» Dataset content:

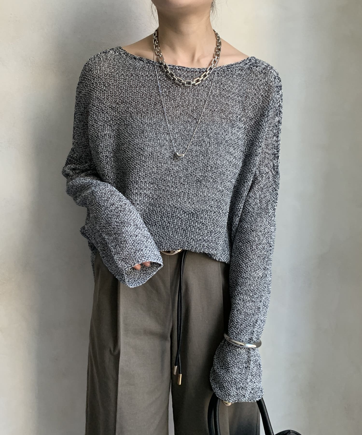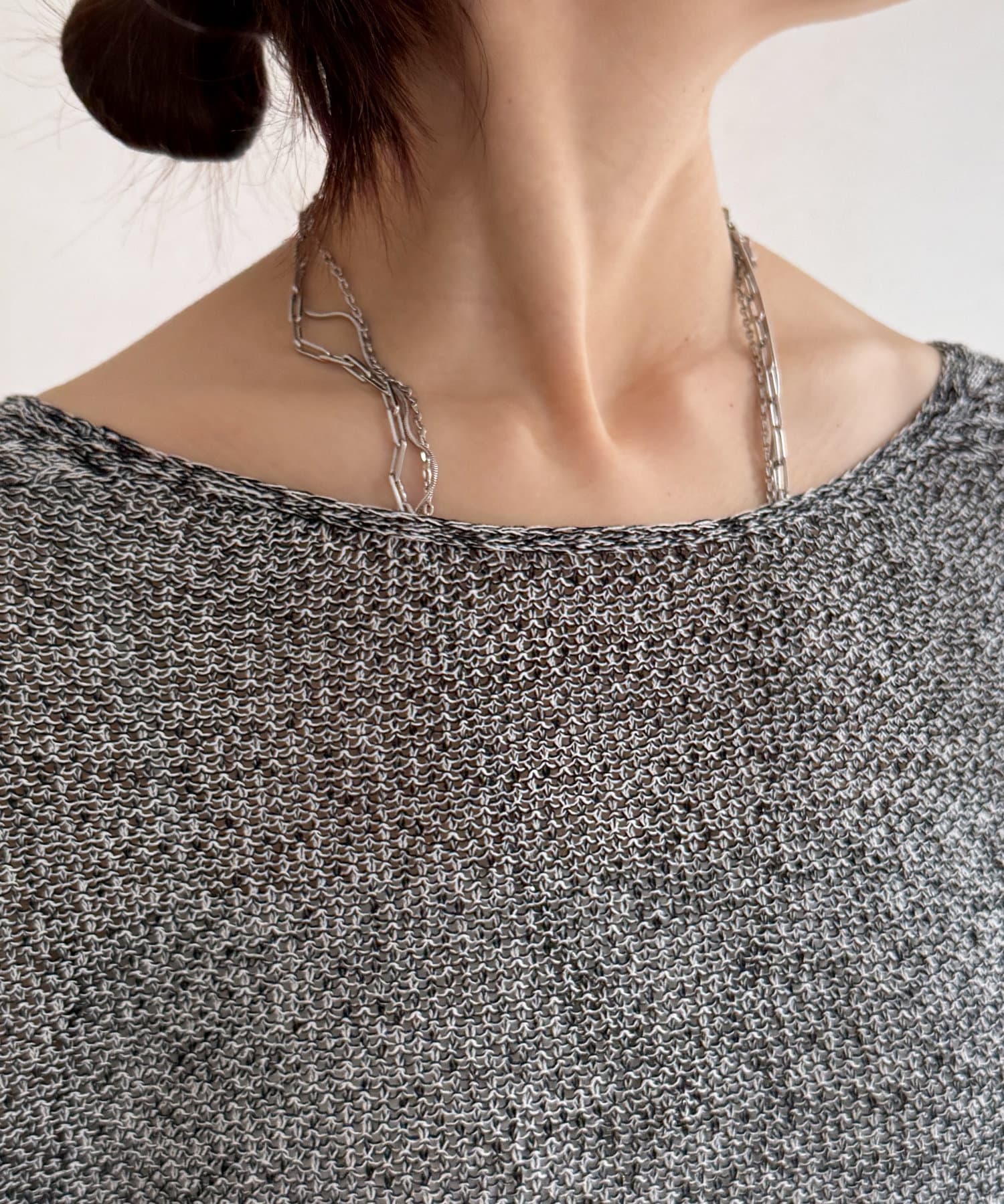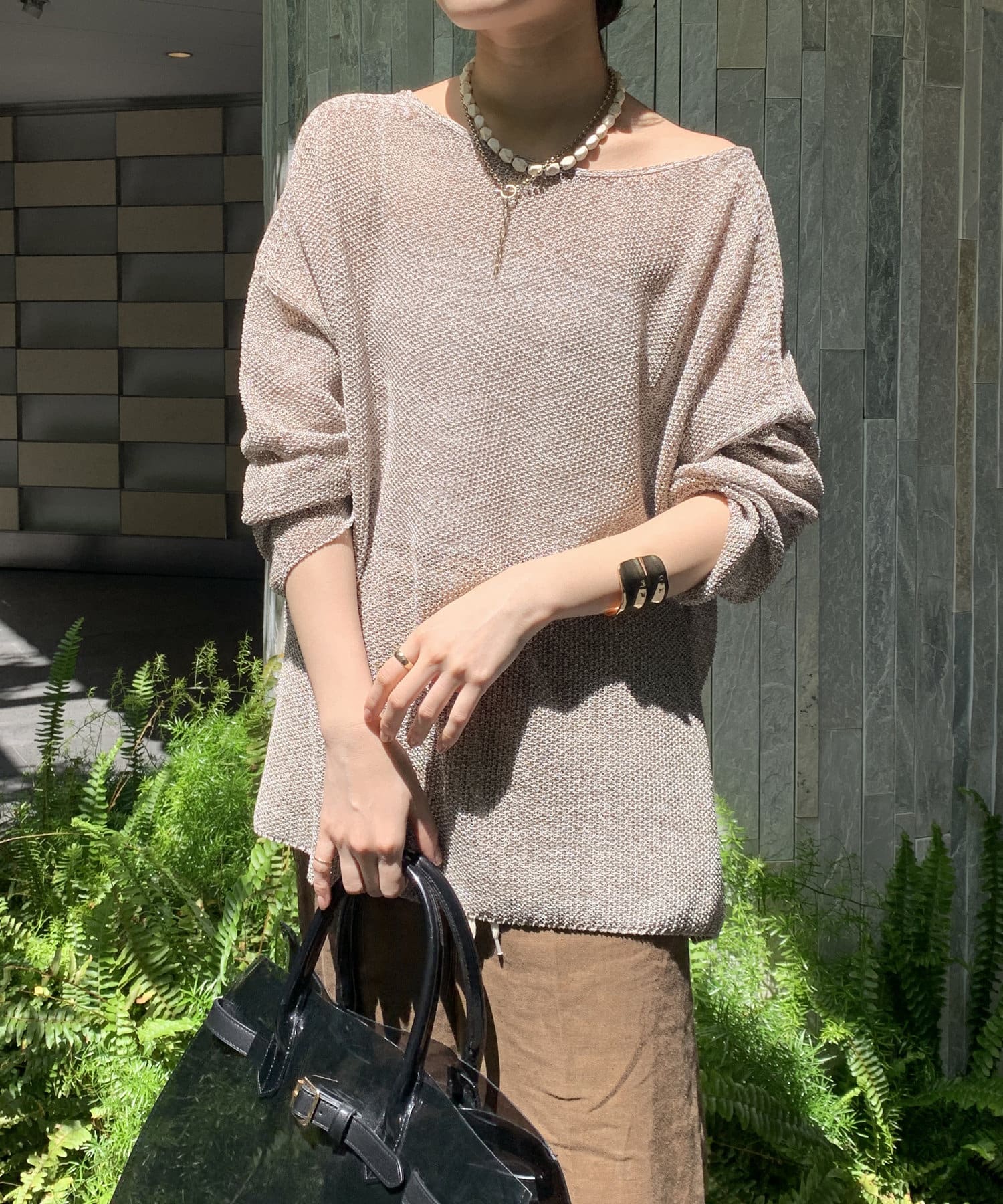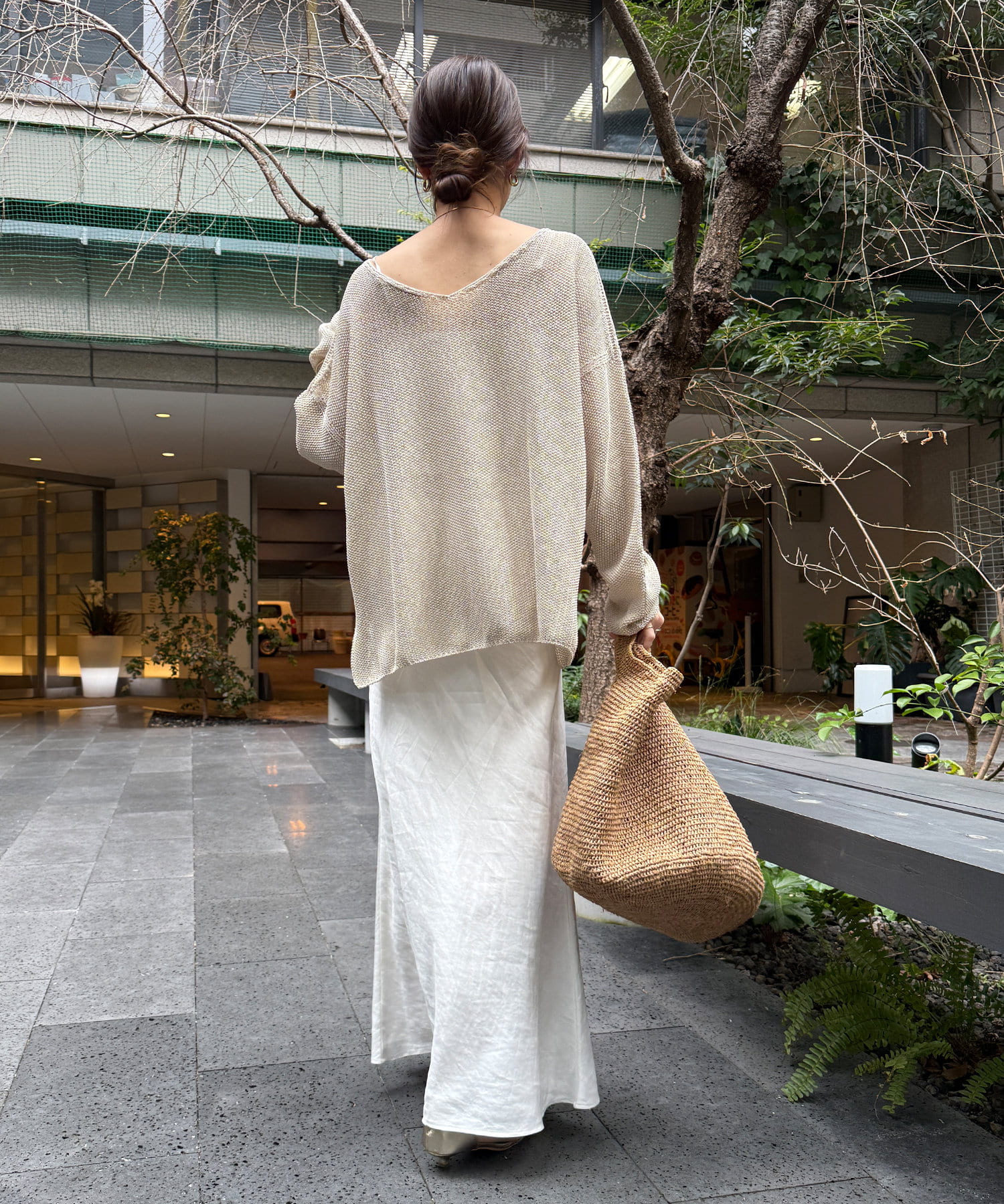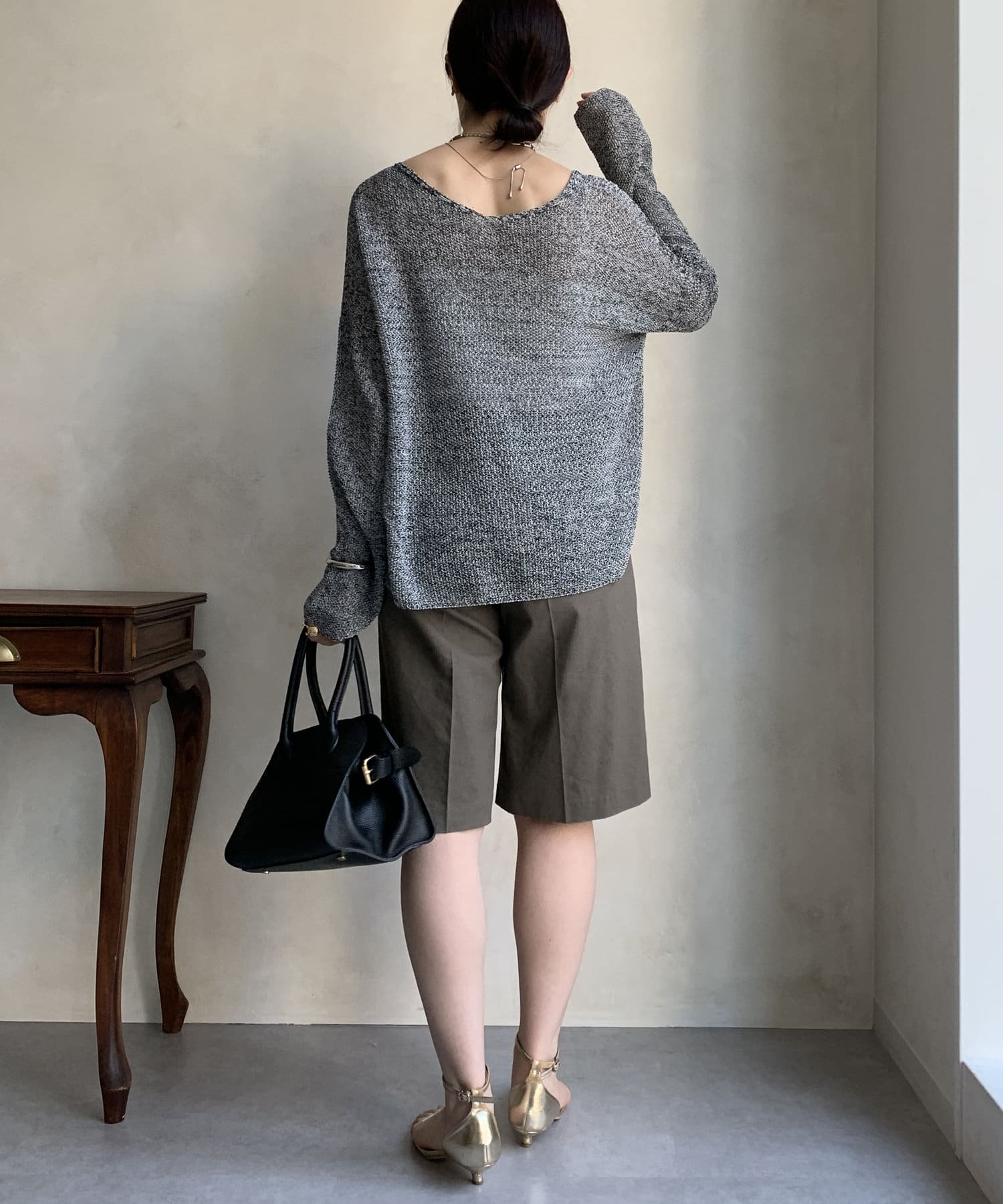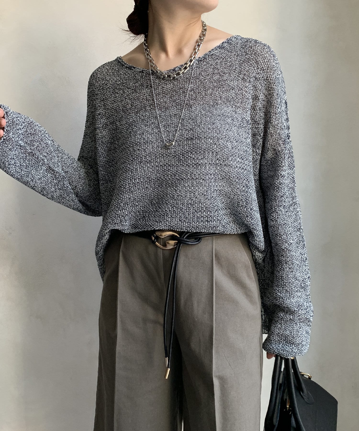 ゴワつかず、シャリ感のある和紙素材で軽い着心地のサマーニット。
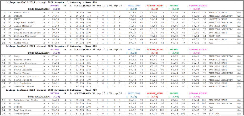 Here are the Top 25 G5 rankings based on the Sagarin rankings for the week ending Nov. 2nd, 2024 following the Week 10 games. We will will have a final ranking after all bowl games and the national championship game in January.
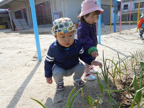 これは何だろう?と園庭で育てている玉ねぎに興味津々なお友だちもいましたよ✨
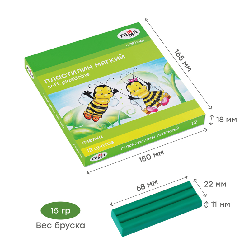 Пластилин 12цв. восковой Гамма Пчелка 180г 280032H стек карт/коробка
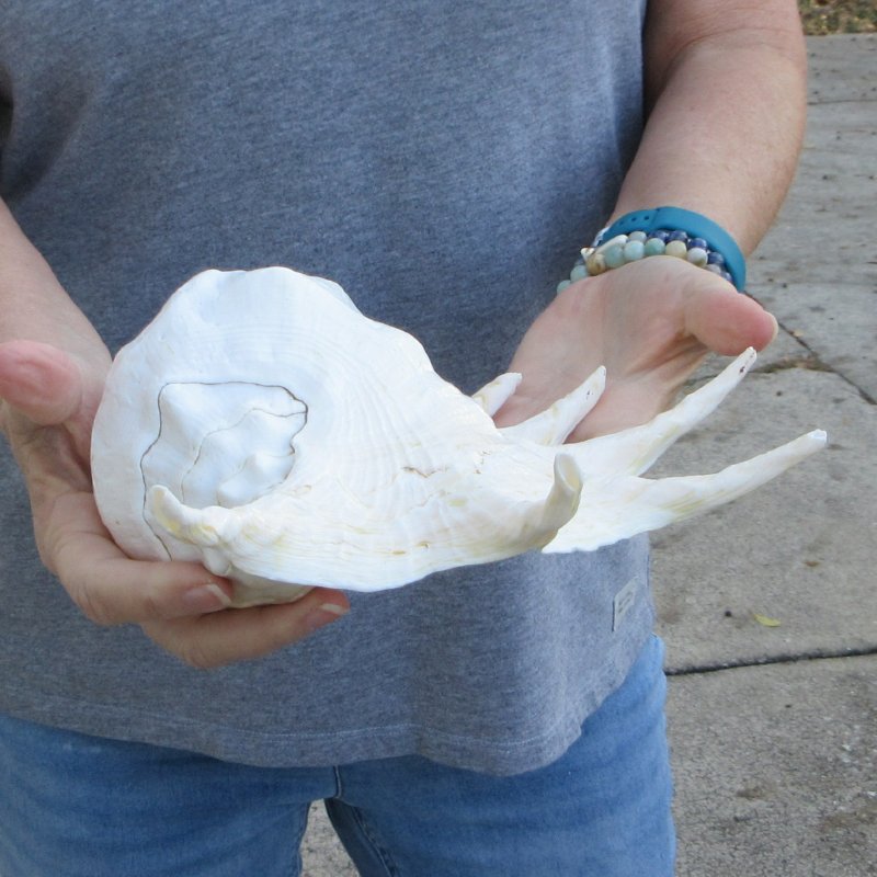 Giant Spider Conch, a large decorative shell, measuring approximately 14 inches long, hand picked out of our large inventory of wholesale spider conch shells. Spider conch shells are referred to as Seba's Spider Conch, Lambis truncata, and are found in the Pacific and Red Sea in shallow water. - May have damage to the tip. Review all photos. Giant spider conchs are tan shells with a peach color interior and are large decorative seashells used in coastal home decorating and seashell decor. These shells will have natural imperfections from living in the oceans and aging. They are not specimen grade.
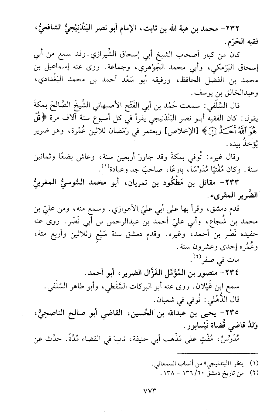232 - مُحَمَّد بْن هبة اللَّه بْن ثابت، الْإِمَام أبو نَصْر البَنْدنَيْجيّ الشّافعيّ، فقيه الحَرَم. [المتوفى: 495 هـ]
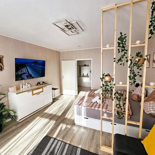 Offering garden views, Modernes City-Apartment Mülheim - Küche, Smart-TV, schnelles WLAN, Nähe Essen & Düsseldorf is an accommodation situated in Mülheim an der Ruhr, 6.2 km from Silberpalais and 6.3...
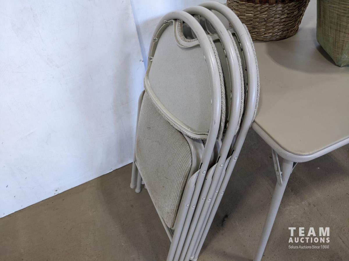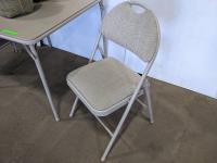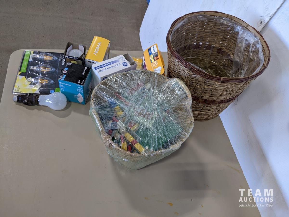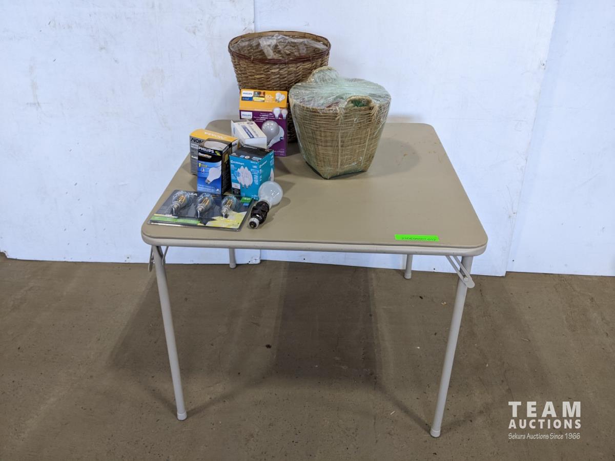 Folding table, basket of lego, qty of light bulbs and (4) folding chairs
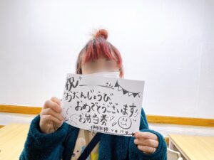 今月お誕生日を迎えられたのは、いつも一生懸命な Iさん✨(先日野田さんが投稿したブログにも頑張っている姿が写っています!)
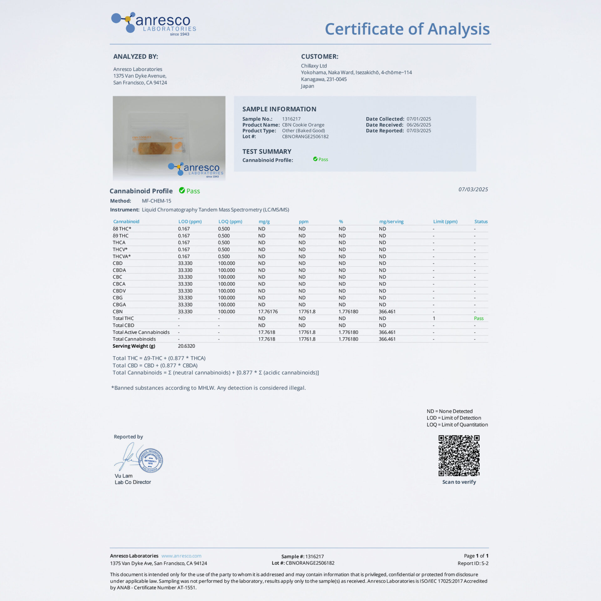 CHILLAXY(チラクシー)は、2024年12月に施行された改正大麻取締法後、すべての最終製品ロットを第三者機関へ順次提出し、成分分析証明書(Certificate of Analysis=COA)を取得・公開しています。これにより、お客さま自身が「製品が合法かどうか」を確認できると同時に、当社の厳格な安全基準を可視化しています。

» To do:
From the first line to the last, reproduce the records above exactly and skip the pictures.

» Expected answer:
 ゴワつかず、シャリ感のある和紙素材で軽い着心地のサマーニット。
 Here are the Top 25 G5 rankings based on the Sagarin rankings for the week ending Nov. 2nd, 2024 following the Week 10 games. We will will have a final ranking after all bowl games and the national championship game in January.
 これは何だろう?と園庭で育てている玉ねぎに興味津々なお友だちもいましたよ✨
 Пластилин 12цв. восковой Гамма Пчелка 180г 280032H стек карт/коробка
 Giant Spider Conch, a large decorative shell, measuring approximately 14 inches long, hand picked out of our large inventory of wholesale spider conch shells. Spider conch shells are referred to as Seba's Spider Conch, Lambis truncata, and are found in the Pacific and Red Sea in shallow water. - May have damage to the tip. Review all photos. Giant spider conchs are tan shells with a peach color interior and are large decorative seashells used in coastal home decorating and seashell decor. These shells will have natural imperfections from living in the oceans and aging. They are not specimen grade.
232 - مُحَمَّد بْن هبة اللَّه بْن ثابت، الْإِمَام أبو نَصْر البَنْدنَيْجيّ الشّافعيّ، فقيه الحَرَم. [المتوفى: 495 هـ]
 Offering garden views, Modernes City-Apartment Mülheim - Küche, Smart-TV, schnelles WLAN, Nähe Essen & Düsseldorf is an accommodation situated in Mülheim an der Ruhr, 6.2 km from Silberpalais and 6.3...
 Folding table, basket of lego, qty of light bulbs and (4) folding chairs
 今月お誕生日を迎えられたのは、いつも一生懸命な Iさん✨(先日野田さんが投稿したブログにも頑張っている姿が写っています!)
 CHILLAXY(チラクシー)は、2024年12月に施行された改正大麻取締法後、すべての最終製品ロットを第三者機関へ順次提出し、成分分析証明書(Certificate of Analysis=COA)を取得・公開しています。これにより、お客さま自身が「製品が合法かどうか」を確認できると同時に、当社の厳格な安全基準を可視化しています。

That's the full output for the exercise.